Police facing racial justice demonstrators in Minneapolis, Minnesota

Police move toward demonstrators, Sunday, May 31, 2020, following the death of George Floyd, who died after being restrained by Minneapolis police officers on May 25.

Before you think this clause opens to a sentence and story about religion, because it leans on the word “parable,” it doesn’t — unless your embrace of religion, of whatever stripe, grows from a foundation of selfless service to others. Rather, it is the essence of an inspiring profile by Kurt Streeter of the New York Times, who wrote about the life and times of Charles Adams, a Minneapolis police officer who happens to be Black. Or, as Adams himself put it, a Black man who happened to be a police officer, and especially one who happened to be a police officer when George Floyd died under the knee of a fellow cop, and Adams found himself draped in riot gear, shoulder-to-shoulder with his brothers in blue, facing the walls of demonstrators who took to the streets demanding an end to police violence.

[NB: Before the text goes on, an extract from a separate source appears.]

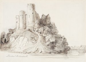 BEAUCHESNE Alcide Vicomte de (1804-1873). Vue du château de la Maison de Bourbon l'Archambault. Ensemble de quatre dessins à l'encre brune et noire, datant de 1850. A vue : 21 cm - L. : 27 cm.

This is not the first time I’ve wondered how people like Adams navigate the line between Black and blue. It has happened every time there is a police shooting. I don’t presume every Black police officer would answer the question as Adams did. But his answer, and how he got to it, makes for a story worth reading. Oddly, it offers a bit of beauty (humanity) that refused to yield to easy power and surrender to societal pain.

The short version: Adams grew up on Minneapolis’ North side, considered one of the rougher parts of the Twin Cities. He went to Minneapolis North High School. Once he became a cop, he continued to live in his old neighborhood, requested assignment to North as the school police officer, and volunteered to coach the school’s losing football team. With patience, determination and a lot of love, he turned that team into a winner — and no doubt turned some young lives around along the way.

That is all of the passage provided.